Hello, everybody,
I have a weired situation with SEP12.1EE notifications.
After migrating my clients successfully to SEP12.1EE from SEP11RU6MP3, I got notfications about outdated IPS- and SONAR-signatures on all migrated clients.
During migration I followed the Symantec whitepapers, as well as the instructions learned in a small course, held here in Hamburg.

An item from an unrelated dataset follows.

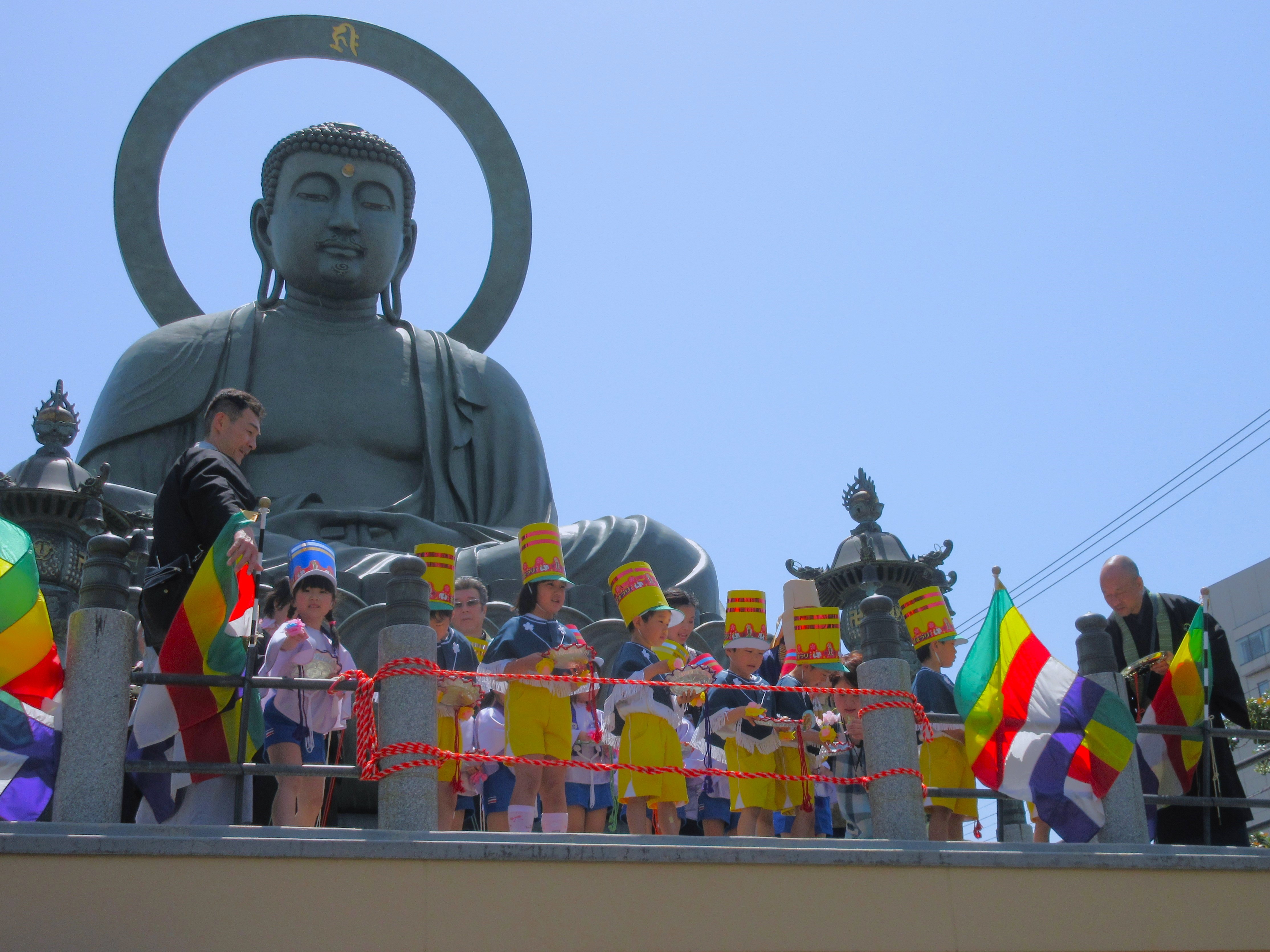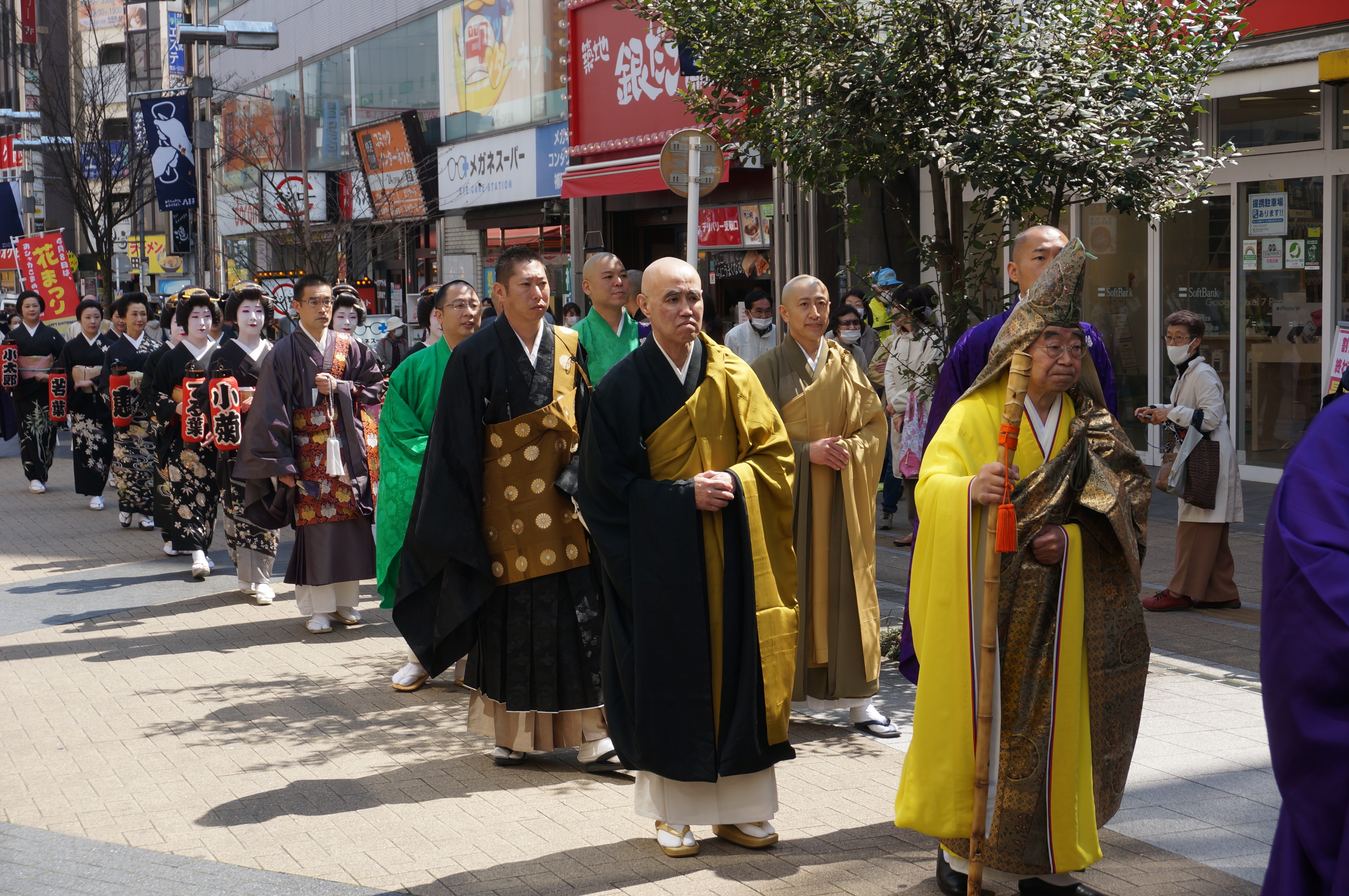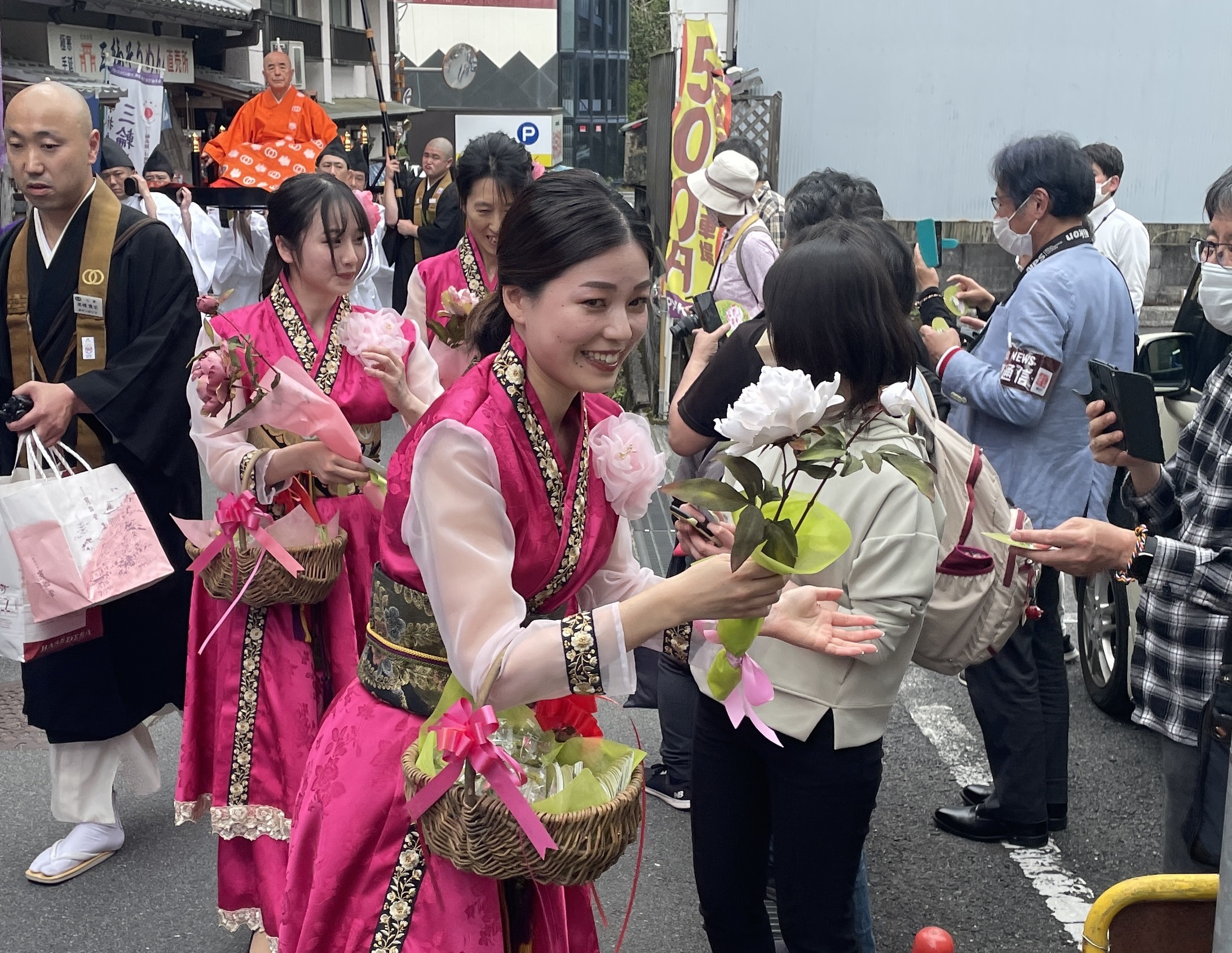 同会は弘法大師の生誕を祝う「夕べ」を定期的に行い、節目となる今回はコロナ禍を経て4年ぶりの開催となった。境内には長谷観音大画軸がクレーンで上げられ、午前中から多くの参拝者で賑わった。

This problem is not limited to a specific Windows version (We have a mix of Windows 7 64-BIT and XP).
My notfications are configured to be triggered from1 PC with signatures older than 7 days.
The dates in the notification E-Mails are reflecting exactly the migration day (I pushed the clients with full content & resetting communication).
When you investigate this "issue", you will see, that the mentioned clients "shows green" with no problems and fully communication, the Home Tab in SEPM shows "everything o.k.!", the client´s propertys in the client group in SEPM shows the most recent updates, good communication and all reports shows the most recent content and no communication problem.
I veryfied the LU content in SEPM also; it´s o.k.!
On the other hand, by using the SEP Support tool on these clients, they show the IPS and SONAR content with the wrong date and with the remark "last checked: 01/01/1680". (It´s not a fault, it´s really 1680!)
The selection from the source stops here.